> EXERCISE DIRECTIONS:
Skip the images and return the records below exactly.

> RAW DATA:

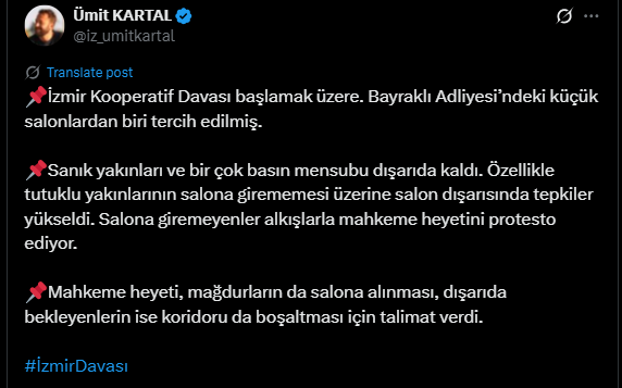 İz Gazete Genel Yayın Yönetmeni Ümit Kartal, sosyal medya hesabı üzerinden mahkemenin mağdurların salona alınmasını ve dışarıda bekleyenlerin koridoru boşaltmasını talimatlandırdığını şu ifadelerle aktardı:
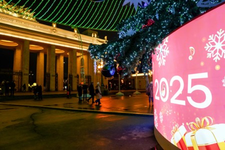 Новогодние арт-объекты в виде светящихся арок в центре Москвы
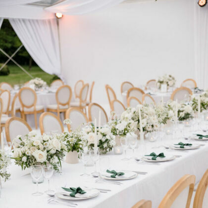 Des tables luxuriantes, ornées de fleurs délicatement agencées, deviennent l’incarnation même de l’amour et de la romance. Chaque fleur, méticuleusement disposée, évoque une histoire d’amour unique, révélant ainsi la magie et la profondeur de leur magnifique union.
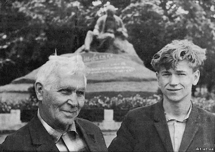 Іван Кавалерідзе і Данило Кулиняк біля пам'ятника Шевченку в Ромні
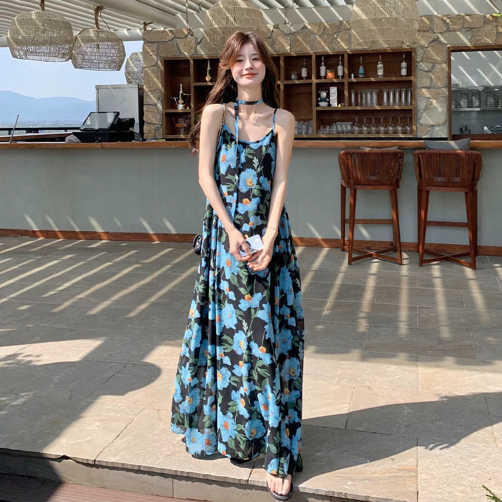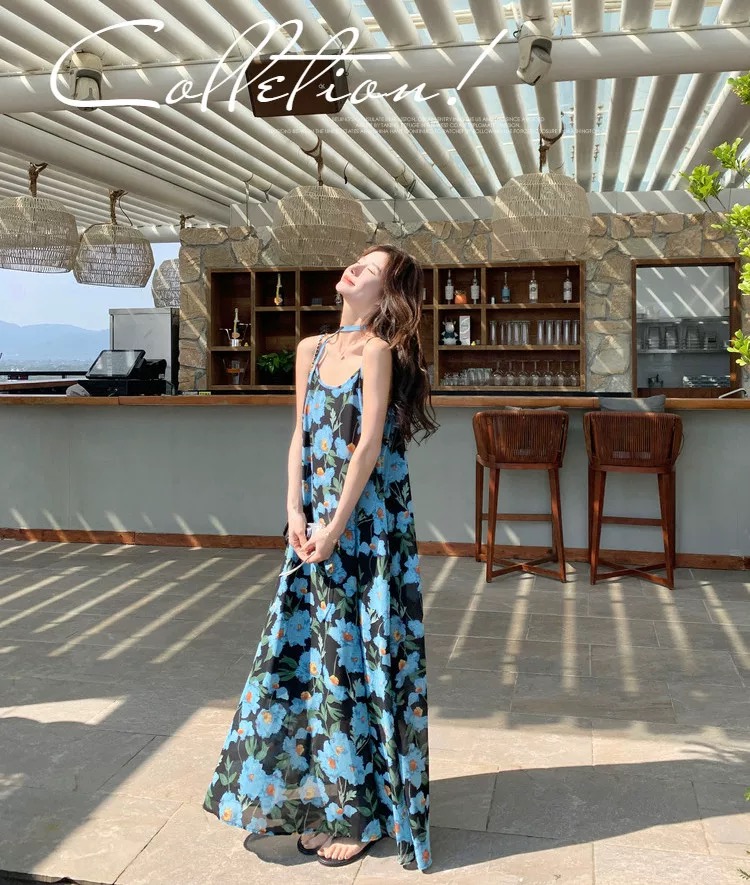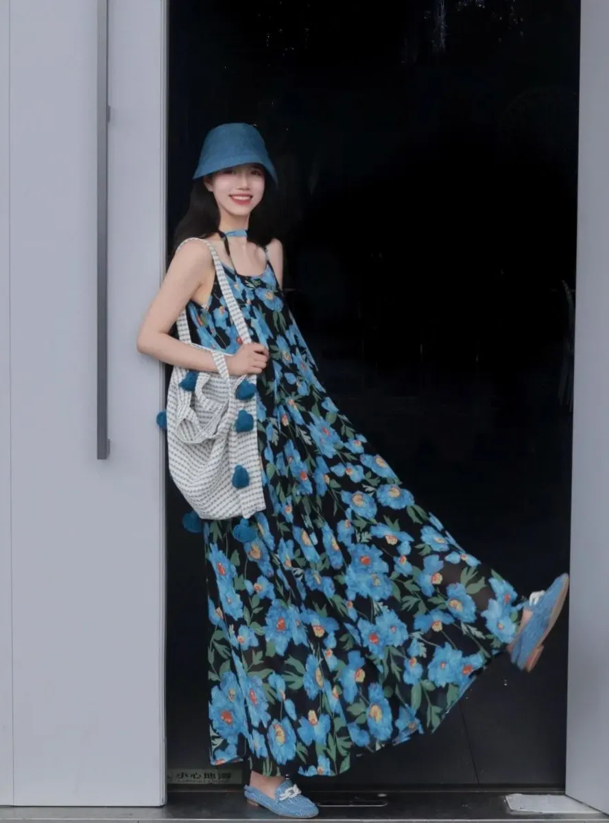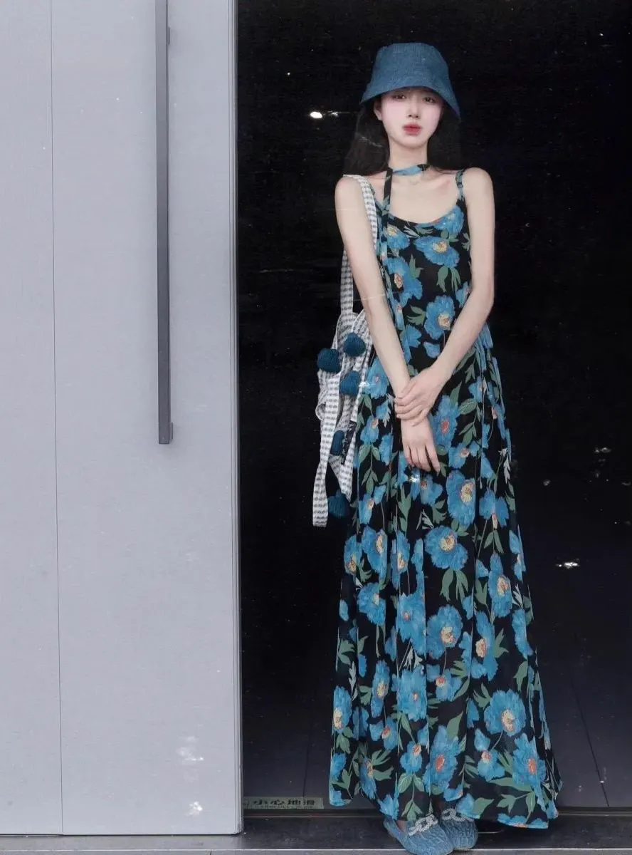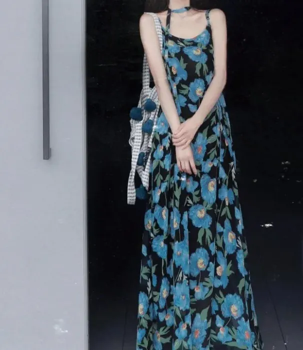 法式度假質感高級感藍色花無袖吊帶洋裝

> REPLY TO THE TASK:
 İz Gazete Genel Yayın Yönetmeni Ümit Kartal, sosyal medya hesabı üzerinden mahkemenin mağdurların salona alınmasını ve dışarıda bekleyenlerin koridoru boşaltmasını talimatlandırdığını şu ifadelerle aktardı:
 Новогодние арт-объекты в виде светящихся арок в центре Москвы
 Des tables luxuriantes, ornées de fleurs délicatement agencées, deviennent l’incarnation même de l’amour et de la romance. Chaque fleur, méticuleusement disposée, évoque une histoire d’amour unique, révélant ainsi la magie et la profondeur de leur magnifique union.
 Іван Кавалерідзе і Данило Кулиняк біля пам'ятника Шевченку в Ромні
 法式度假質感高級感藍色花無袖吊帶洋裝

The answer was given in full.